Subjects who reported sleeping soundly had higher adrenaline levels than those who had not, similar to findings reported by Huang, who suggested that sympathetic nerves are activated when sleep quality is low. In addition, although urinary cortisol levels were not correlated to sleep duration or quality, it was related to the time of waking up in the morning and going to bed at night. Therefore, even with sufficient hours of good quality sleep, irregular or disrupted times of waking and going to sleep were influenced by cortisol concentrations. This observation is believed to be due to changes in circadian rhythm. Another report found that that cortisol concentrations increase for 2 hours after waking and remain relatively constant thereafter. Urinary samples were collected from 1 p.m. to 3 p.m. in our study, more than 2 hours after participants reported waking in the morning. We therefore believe that daily variations in cortisol levels attributable to differences in waking time had no effect on cortisol concentrations in this study.

However, unlike previous studies that claim that sleep disorders affect the sympathetic nerves, noradrenaline concentration in our study was unrelated to differences in hours of sleep, time of waking, and time of going to bed, or the sense of having slept soundly.
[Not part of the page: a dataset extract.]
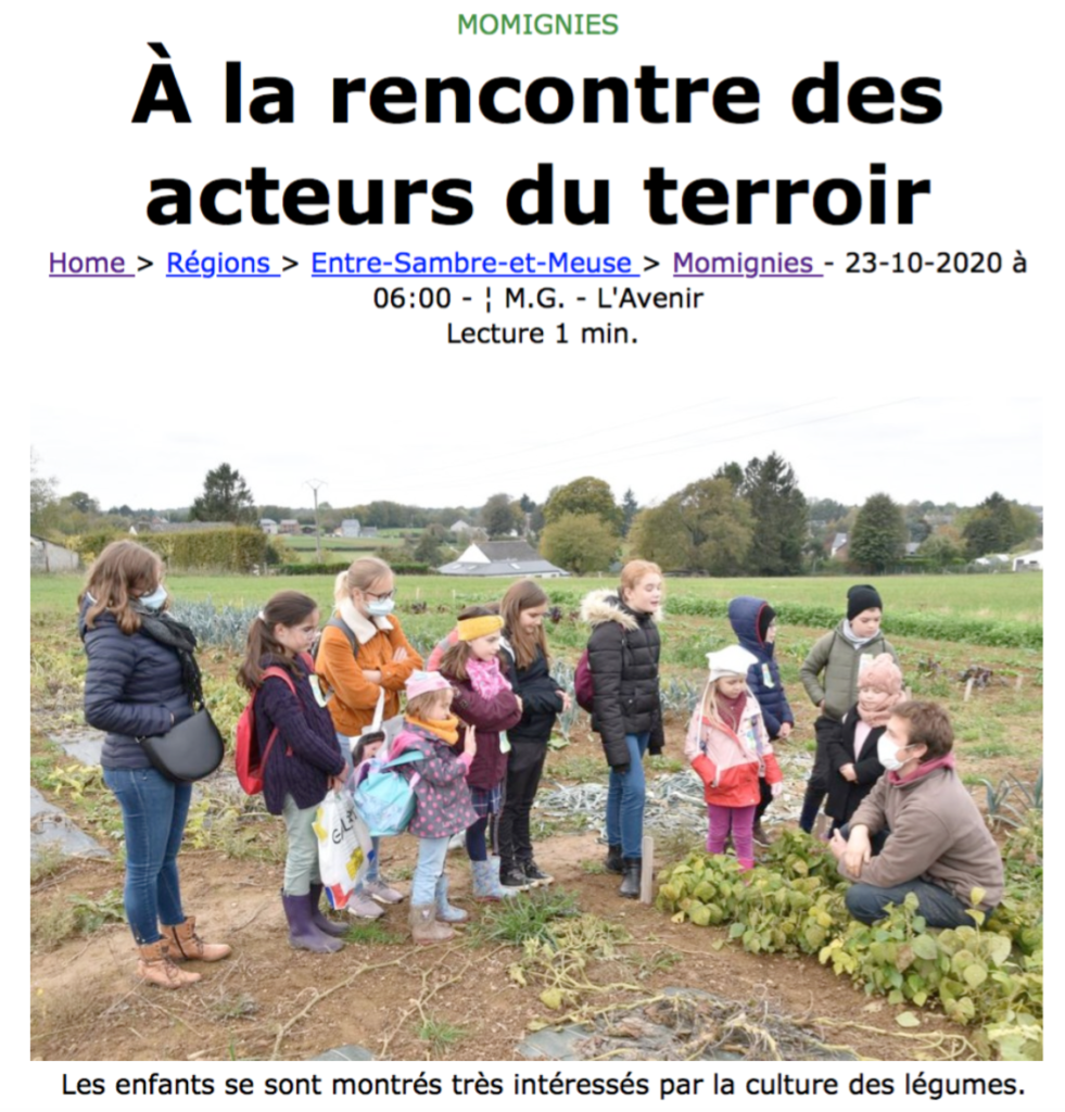 Pour ceux qui voudraient voir ou revoir le reportage de Télésambre sur la visite du potager par les enfants de l’école de Seloignes, la vidéo est ci-dessus ⬆️ Et pour les légumes, c’est ce samedi matin où vous pourrez choisir : des salades, des scaroles frisées, des panais, des carottes, du chou rave, des fenouils,…

The reasons for this may have been that the total hours of sleep ranged 4-8 hours among participants in this study, the subjects did not include those with extreme sleep disorders, and that there were relatively few differences in the sleep status among all subjects. Our study found that hours and subjective quality of sleep influenced adrenaline concentrations, and disruptions in sleep schedules influenced the cortisol concentrations. However, these findings must be validated in future studies with subjects with a broader range of states of sleep.
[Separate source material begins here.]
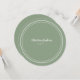 Cartões personalizáveis de lugar para convidados com placa redonda para casamento apresentam um design minimalista em verde rustico e branco. Delicie seus convidados com cartões personalizados com o nome de cada convidado e número da mesa! O lado oposto é verde sólido. Personalize nosso modelo simples de usar com os detalhes do seu casamento! Encomende cada cartão separadamente após a personalização do nome do convidado com o modelo.

Before starting this study, we submitted a study plan to the Medical Ethics Board of the Faculty of Medicine at the University of Tsukuba and obtained their approval (Approval No.: 666-2). We feel that, except for the minor inconvenience attributable to the time restrictions, the procedure caused little or no physical invasions to the subjects.

The subjects in this study showed little or no differences in their sleep status, and had a narrow range of characteristics such as age and BMI; a limitation in our study of the relationship between biomarkers and sleep status. There is a need, therefore, for additional studies with subjects who show a broader range of sleep status.

Urinary adrenaline correlated with shortened sleep times and feeling of sleeping well, while urinary cortisol correlated with falling asleep time and awakening time differences.

This work was supported by JSPS KAKENHI Grant Number 15K11655.